▸ **Dataset section**

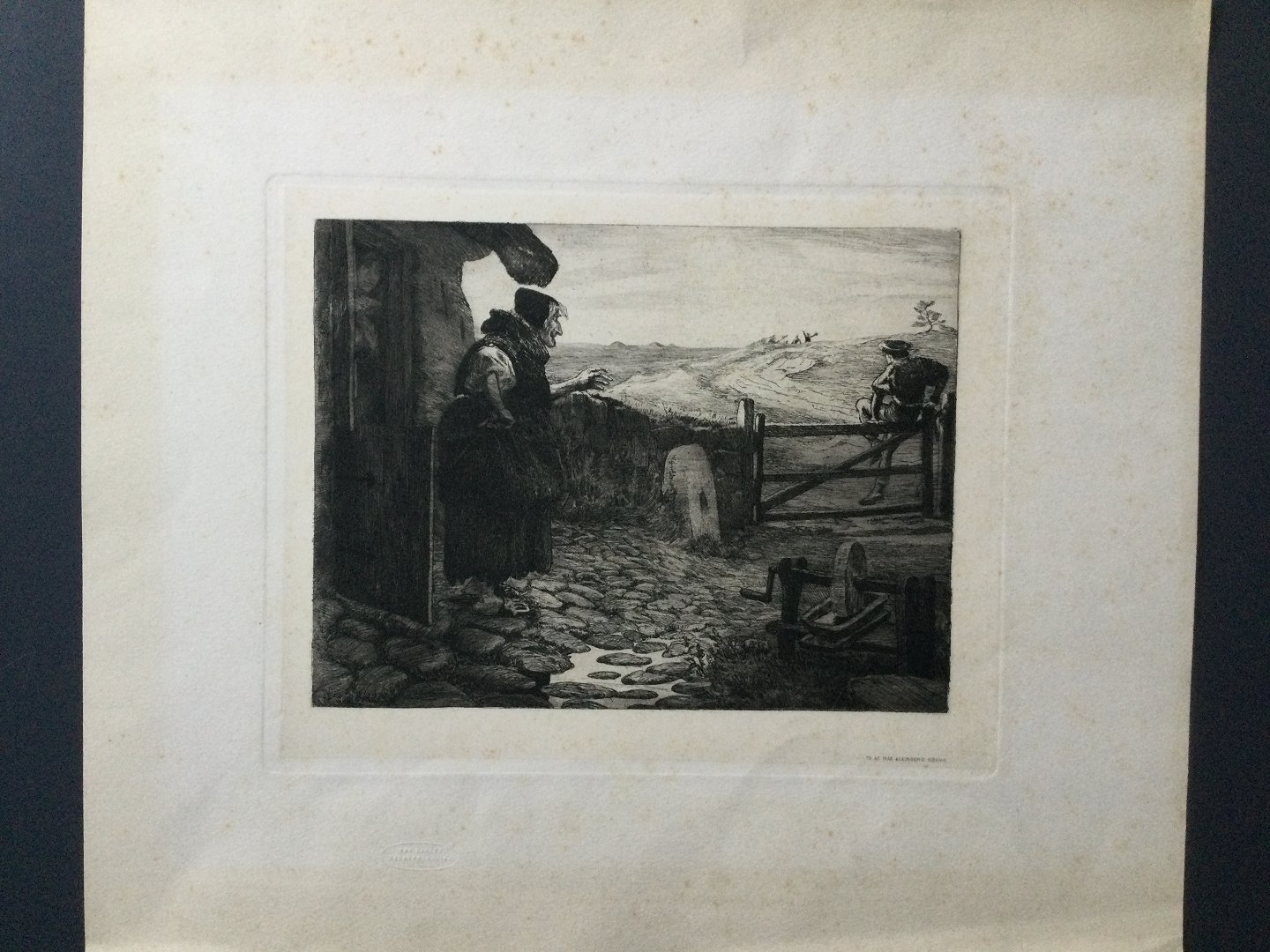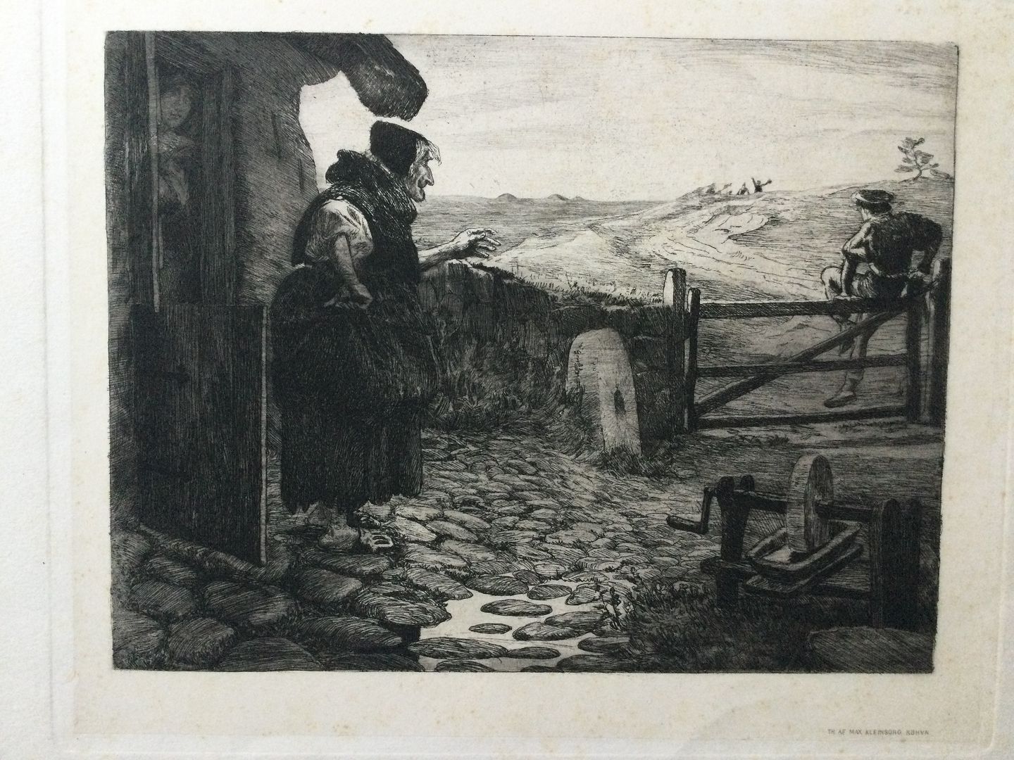 Radering - Hans Nikolaj Hansen - 1897 - De tre Skalke "Flugten om Morgenen".
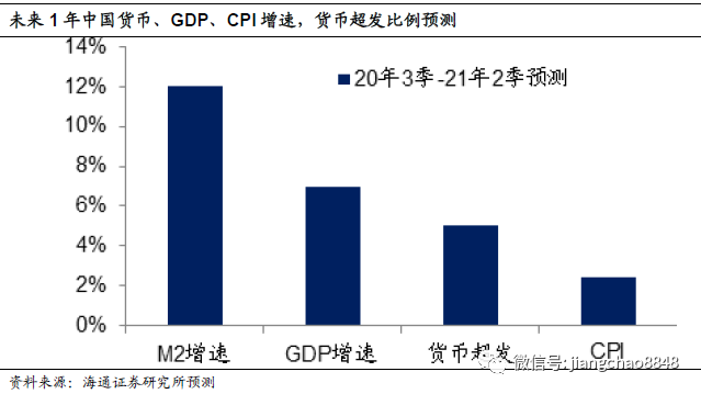 展望未来1年,我们认为在疫情得到有效控制之后,加上积极货币财政政策的生效,经济有望逐季复苏,加上疫情导致的低基数效应,预测从20年3季度到21年2季度的1年内GDP增速有望达到7%,同时货币增速有望继续小幅回升至12%,对应货币超发程度为5%,CPI大约为2.4%,这其实与过去8年的平均水平大致相当。
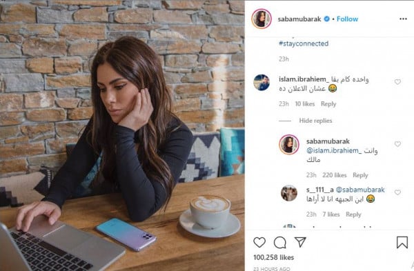 لكن صبا تفاجأت بتعليق أحد المتابعين والذي كتب: "واخده كام بقى عشان الإعلان ده"، لتُحرجه قائلة :" وأنت مالك".
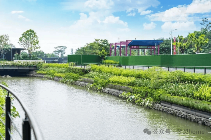 珑璟台西侧紧邻天然河涌,并沿途打造了开放式街角公园,流水潺潺,花草茂盛,更与社区园林无边界衔接,归家路上的景观不再扁平化,而是一步一景的万般惊喜。

▸ **What you are asked to do**
Line by line, reproduce the material above exactly, leaving each picture out.

▸ **Response**
 Radering - Hans Nikolaj Hansen - 1897 - De tre Skalke "Flugten om Morgenen".
 展望未来1年,我们认为在疫情得到有效控制之后,加上积极货币财政政策的生效,经济有望逐季复苏,加上疫情导致的低基数效应,预测从20年3季度到21年2季度的1年内GDP增速有望达到7%,同时货币增速有望继续小幅回升至12%,对应货币超发程度为5%,CPI大约为2.4%,这其实与过去8年的平均水平大致相当。
 لكن صبا تفاجأت بتعليق أحد المتابعين والذي كتب: "واخده كام بقى عشان الإعلان ده"، لتُحرجه قائلة :" وأنت مالك".
 珑璟台西侧紧邻天然河涌,并沿途打造了开放式街角公园,流水潺潺,花草茂盛,更与社区园林无边界衔接,归家路上的景观不再扁平化,而是一步一景的万般惊喜。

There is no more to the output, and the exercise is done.